Agilent Cary 630 FTIR Pharmacopoeia compliance

Significance of the Topic

The identification and quality control of pharmaceutical substances are critical to ensure patient safety and regulatory compliance. Fourier transform infrared (FTIR) spectroscopy is widely used for rapid, non-destructive analysis and meets standardized criteria in multiple pharmacopoeial compendia.

Objectives and Study Overview

This study evaluates the compliance of the Agilent Cary 630 FTIR spectrometer against performance requirements specified in the United States, European, Japanese, Chinese, Indian and International Pharmacopoeias. Tests focus on resolution, frequency accuracy, reproducibility and identification of model compounds.

Methodology and Workflow

A dedicated Microlab PC method was configured to collect spectra at 4 cm⁻¹ resolution using triangular apodization, no zero filling and a 30 s acquisition (74 co-added scans). A 38 µm NIST-traceable polystyrene film was measured in transmission mode for resolution and accuracy tests. Identification studies used reference spectra of furosemide and caffeine from the International Pharmacopoeia, acquired via DRIFT or ATR techniques.

Instrumentation Used

• Agilent Cary 630 FTIR spectrometer with interchangeable transmission, DRIFT and ATR sampling modules
• Microlab PC software, compliant with 21 CFR Part 11 for data integrity and audit trails
• Automated IQ/OQ qualification software for routine performance verification

Main Results and Discussion

The Cary 630 FTIR exceeded pharmacopoeial specifications: frequency accuracy was 2–10× tighter than limits; resolution tests passed all criteria with margins (e.g. >0.43 AU and >25 %T vs. required >0.33 AU and >18 %T); reproducibility Δ%T and Δcm⁻¹ were well below thresholds. Spectral identification of furosemide and caffeine showed excellent agreement in band positions, confirming reliable compound verification regardless of sampling mode.

Benefits and Practical Applications

The combined features of compact footprint, rugged design and user-friendly, regulation-compliant software make the Cary 630 FTIR ideal for high-throughput pharmaceutical quality control. Automated qualification routines reduce downtime, and multiple sampling options simplify routine identification workflows.

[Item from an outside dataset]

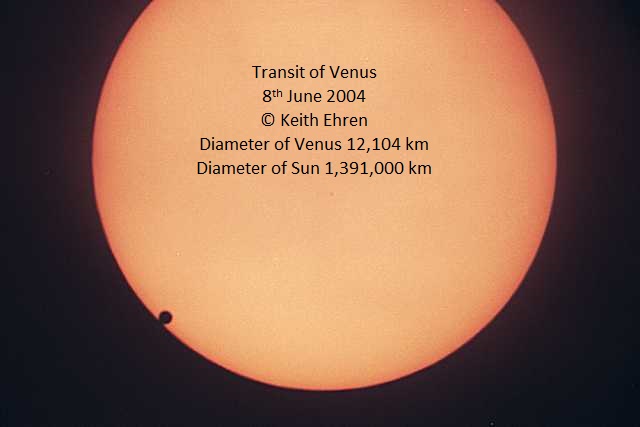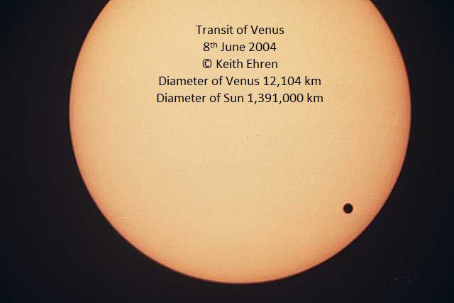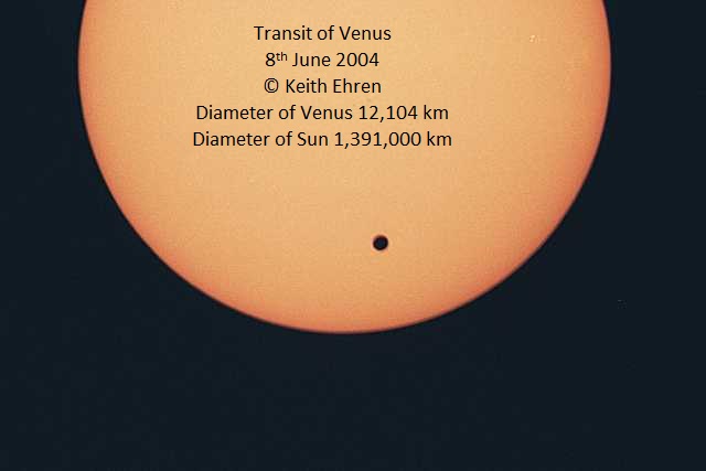 Transit of Venus on 8th June 2004. Three images with reasonable weather througout the transit. You can see the size difference of Venus compared to Mercury above.
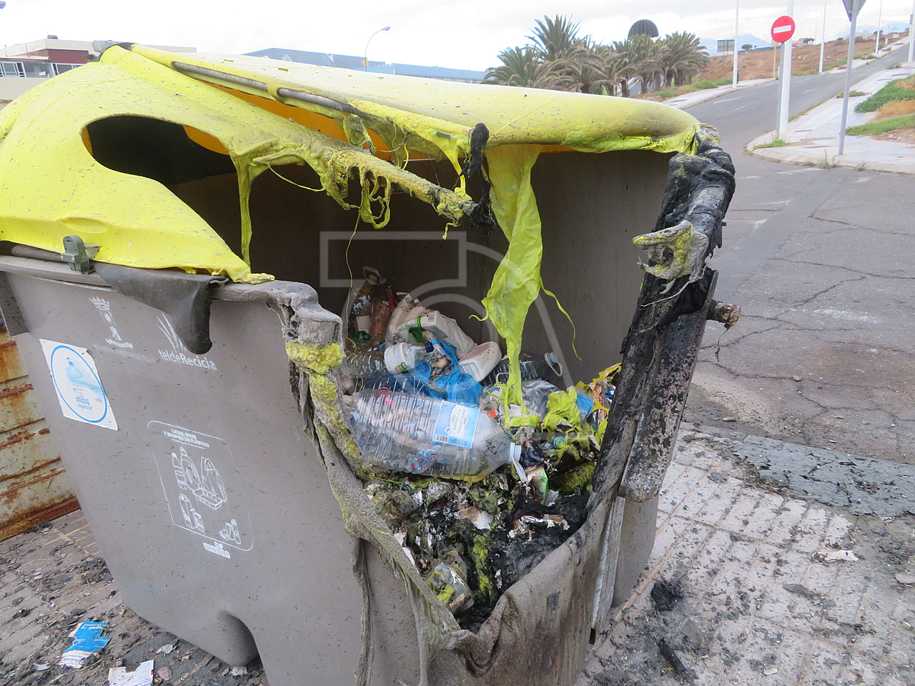 El incendio ocasionó daños a otro recipiente, también de plástico, con tapa amarilla, usado para el depósito de envases de plástico.

Future Trends and Opportunities

Ongoing developments may include integration of real-time process analytical technology (PAT), advanced chemometric and machine learning algorithms for spectral interpretation, and expanded online connectivity for remote monitoring and data management in GMP environments.

Conclusion

The Agilent Cary 630 FTIR fully meets or surpasses the performance specifications of major global pharmacopoeias. Its robust hardware, comprehensive software suite and versatile sampling capabilities support accurate, efficient pharmaceutical identification and quality control.

References

1. Higgins F., Seelenbinder J. Agilent Cary 630 FTIR Pharmacopoeia Compliance. Agilent Technologies Application Note, November 2011, Publication No. 5990-9379EN.
2. Pharmaceutical Technology Europe. FTIR Identification. September 2011, pp. 87–88.